Fast. Hard. He lifts his body away from mine, his hands shifting to my hips as he drives inside of me. Again and again.

“Oh shit, you feel so fucking good—” Diego’s head hangs back, his eyes sliding closed just when mine pop open. He’s coming.

“Diego!” My sharp voice snaps him back to reality and he reaches between us, pulling himself out of me, and I feel a little dribble on my skin. Not enough though.

Not nearly enough.

Without a word he flops over to lie beside me, both of us panting, trying to catch our breath. I stare at the ceiling, hating the fear that slowly creeps over me, like a low moving fog, until I’m completely engulfed and it’s all I can think about.

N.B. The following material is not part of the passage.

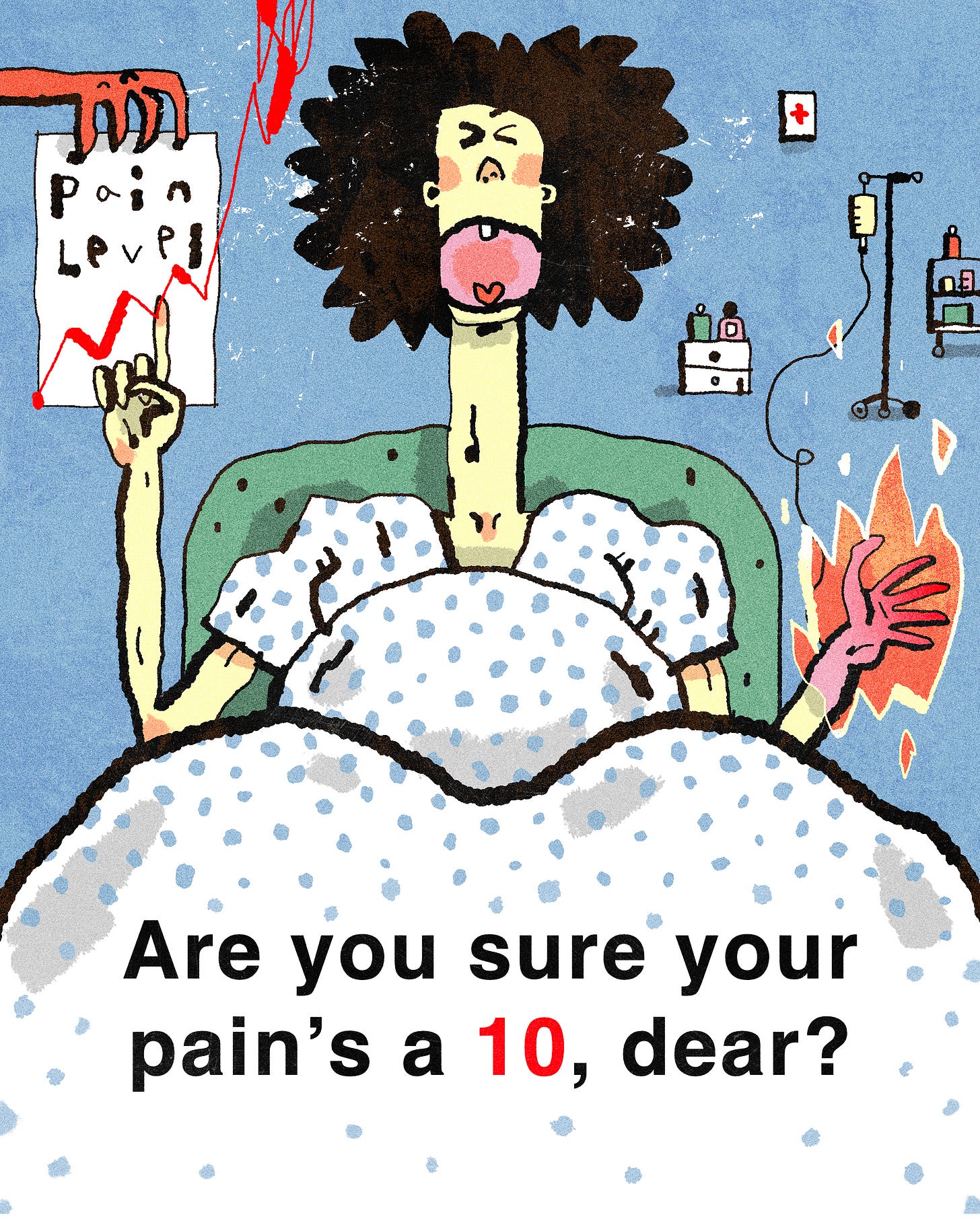 The experiment went like this: as the thirteen women in the study labored, in between contractions, the researchers would burn one of their hands with a thermal device calibrated to deliver varying levels of intensity. The researchers had set the value of a dol as “approximately one-tenth the intensity of the maximal pain,” which they were hoping the experiment would help them establish. What they really needed was for the women to be able to compare not just the intensity of the two types of pain, but both their qualities. Of course, as the labor progressed, the women were understandably less communicative than at the outset, and so the researchers made inferences about their pain experiences by noting their behaviors, “such as crying, complaining, sweating and degree of alertness and cooperation.” Not surprisingly (to many women, anyway), the pain experienced by at least one of the women achieved the maximum value for the dol pain-measurement scale—a 10.5. what the researchers called “the most intense pain which can be experienced”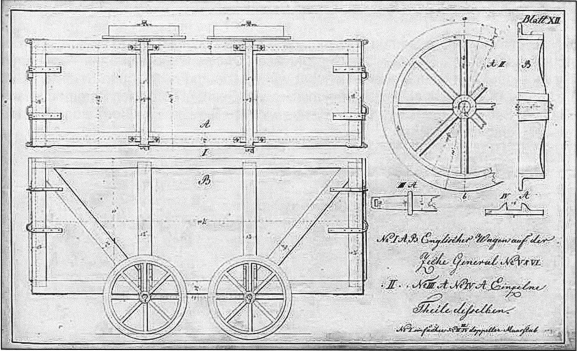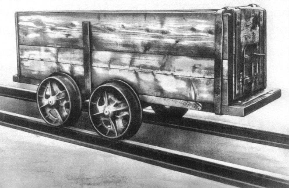 verlegt und Förderwagen eingesetzt. Die Schienen waren zuerst aus Holz, später mit Blechbeschlägen und danach aus Eisen.

He came inside of me. And I’m not on the pill. What if…

What if?

 

 

The Fight

 

 

Diego

 

 

I spot Jocelyn in the hallway, standing at her open locker. She’s been avoiding me all damn day at school, and I’m sick of it. Shit has gone sideways between us for weeks. Over a month. Maybe longer. Our relationship is this close to being over, I can feel it. And I know I’m not making things better by hanging out with Cami Lockhart. Cheer captain. Hot piece of ass. Tempting, though I haven’t tapped it yet.

I won’t cheat on my girlfriend, no matter how bad our relationship is.

But at least Cami is showing me some attention. More than my own girlfriend, that’s for damn sure. Jocelyn is always busy. Too busy for me. Volleyball practice. Volleyball games and tournaments. Homework. Her friends. Her family. I come dead last in that lineup, and all I’ve ever wanted was to be first.